Lowering taxes didn't create jobs either. So your mantra is a bit played at this point.
If the goal is increased revenue, then how do you reconcile a higher income among the "rich" along with a higer percentage of that higher income collected in income tax with a lower top marginal rate? Is that not the goal of the progressives?
The gap between revenue and the money being spent is increasing. Your point is irrelevant. There is no way to close that gap under your tax policy.
I don't think the Michael Dell's in this country should be able to take advantage of farm subsidies to lower his taxable income. Close business loss carry-forwards. But also recognize human behavior and what happens when high income earners actually do when they feel over-taxed. And recognize what happens economically. If the goal is a thriving economy then I don't believe that raising taxes get us there. I could be wrong, but I don't think so.

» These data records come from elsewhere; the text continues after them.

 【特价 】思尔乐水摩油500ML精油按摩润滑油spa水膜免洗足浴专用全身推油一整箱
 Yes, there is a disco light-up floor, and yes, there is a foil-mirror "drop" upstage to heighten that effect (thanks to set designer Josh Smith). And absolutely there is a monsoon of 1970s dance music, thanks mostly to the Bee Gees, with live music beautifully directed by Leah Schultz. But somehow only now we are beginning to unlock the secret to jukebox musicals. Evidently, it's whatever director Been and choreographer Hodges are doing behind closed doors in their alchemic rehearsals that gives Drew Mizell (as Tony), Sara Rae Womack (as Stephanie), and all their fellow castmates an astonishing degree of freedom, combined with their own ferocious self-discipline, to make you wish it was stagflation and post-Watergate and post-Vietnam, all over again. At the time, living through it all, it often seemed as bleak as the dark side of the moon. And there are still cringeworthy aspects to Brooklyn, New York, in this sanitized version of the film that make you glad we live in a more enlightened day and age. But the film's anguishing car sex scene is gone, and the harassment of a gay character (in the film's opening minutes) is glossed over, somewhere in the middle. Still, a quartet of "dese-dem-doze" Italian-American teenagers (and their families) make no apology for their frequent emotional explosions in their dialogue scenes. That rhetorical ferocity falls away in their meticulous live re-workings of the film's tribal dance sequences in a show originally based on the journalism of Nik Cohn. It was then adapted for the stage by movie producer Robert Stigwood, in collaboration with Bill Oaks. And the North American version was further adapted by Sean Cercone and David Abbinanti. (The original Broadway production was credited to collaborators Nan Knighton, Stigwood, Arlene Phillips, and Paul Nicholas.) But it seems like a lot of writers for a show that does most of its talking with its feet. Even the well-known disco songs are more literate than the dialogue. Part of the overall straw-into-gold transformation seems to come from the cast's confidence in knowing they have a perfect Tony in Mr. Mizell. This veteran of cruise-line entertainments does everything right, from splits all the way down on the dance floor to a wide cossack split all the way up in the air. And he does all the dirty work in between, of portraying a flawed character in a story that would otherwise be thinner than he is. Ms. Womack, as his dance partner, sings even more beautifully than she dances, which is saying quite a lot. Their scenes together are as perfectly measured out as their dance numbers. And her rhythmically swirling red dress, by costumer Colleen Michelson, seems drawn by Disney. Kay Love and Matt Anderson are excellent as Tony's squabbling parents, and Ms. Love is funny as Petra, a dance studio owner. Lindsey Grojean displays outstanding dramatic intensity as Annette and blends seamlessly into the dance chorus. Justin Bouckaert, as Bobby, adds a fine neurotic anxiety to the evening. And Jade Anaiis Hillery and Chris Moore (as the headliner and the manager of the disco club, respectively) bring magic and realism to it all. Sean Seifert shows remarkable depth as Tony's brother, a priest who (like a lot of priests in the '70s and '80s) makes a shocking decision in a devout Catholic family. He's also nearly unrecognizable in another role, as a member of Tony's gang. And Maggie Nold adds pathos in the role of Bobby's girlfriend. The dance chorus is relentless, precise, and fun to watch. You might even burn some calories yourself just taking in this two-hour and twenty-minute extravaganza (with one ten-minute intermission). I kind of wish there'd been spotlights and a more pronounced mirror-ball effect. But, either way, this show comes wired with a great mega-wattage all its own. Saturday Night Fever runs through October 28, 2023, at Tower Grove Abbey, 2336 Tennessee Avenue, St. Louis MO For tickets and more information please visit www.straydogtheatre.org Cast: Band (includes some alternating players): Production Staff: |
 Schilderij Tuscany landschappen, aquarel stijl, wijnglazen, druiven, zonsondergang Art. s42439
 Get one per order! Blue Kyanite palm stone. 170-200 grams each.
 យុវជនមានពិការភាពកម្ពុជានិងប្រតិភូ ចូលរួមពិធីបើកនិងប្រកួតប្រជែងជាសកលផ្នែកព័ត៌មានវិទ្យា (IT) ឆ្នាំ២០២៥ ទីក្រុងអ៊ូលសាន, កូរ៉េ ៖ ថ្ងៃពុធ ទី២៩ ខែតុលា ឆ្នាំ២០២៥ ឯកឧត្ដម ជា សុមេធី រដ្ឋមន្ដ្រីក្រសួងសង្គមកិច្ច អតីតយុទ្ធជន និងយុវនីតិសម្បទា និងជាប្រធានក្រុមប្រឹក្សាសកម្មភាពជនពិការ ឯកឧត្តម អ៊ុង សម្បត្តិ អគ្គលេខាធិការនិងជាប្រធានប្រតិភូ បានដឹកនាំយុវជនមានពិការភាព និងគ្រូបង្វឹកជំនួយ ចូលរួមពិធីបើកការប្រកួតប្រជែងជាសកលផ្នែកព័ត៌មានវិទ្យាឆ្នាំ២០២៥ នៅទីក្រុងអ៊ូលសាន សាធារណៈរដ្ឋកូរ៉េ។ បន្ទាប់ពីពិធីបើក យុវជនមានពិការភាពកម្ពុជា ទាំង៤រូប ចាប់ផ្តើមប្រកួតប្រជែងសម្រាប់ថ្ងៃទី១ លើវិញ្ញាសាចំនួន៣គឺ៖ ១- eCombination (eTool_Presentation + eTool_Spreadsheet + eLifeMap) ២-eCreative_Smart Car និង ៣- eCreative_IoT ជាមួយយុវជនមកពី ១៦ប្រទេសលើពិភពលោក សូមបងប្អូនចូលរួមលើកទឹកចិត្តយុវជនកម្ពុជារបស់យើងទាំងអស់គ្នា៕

High income earners are doing the thing you suggest they do under higher taxes, UNDER THE LOWER TAX RATE THEY HAVE RIGHT NOW. There is no market to sustain a "thriving economy." That is a fictional argument. The market of which you speak doesn't exist, and may never exist. We are in a period of contraction because we built an economy on consumerism and greed, and that cannot sustain itself. If you want to balance the budget (again, that is a fiction, because you really don't), then there is no way to do it without raising revenue. Period. The ACTUAL numbers don't work any other way. You can play the "well if we keep them low and base our numbers on what COULD happen, then we could THEORETICALLY balance the budget under our numbers" game if you want, but the REALITY is that you cannot do it without revenue increases based on what is happening now.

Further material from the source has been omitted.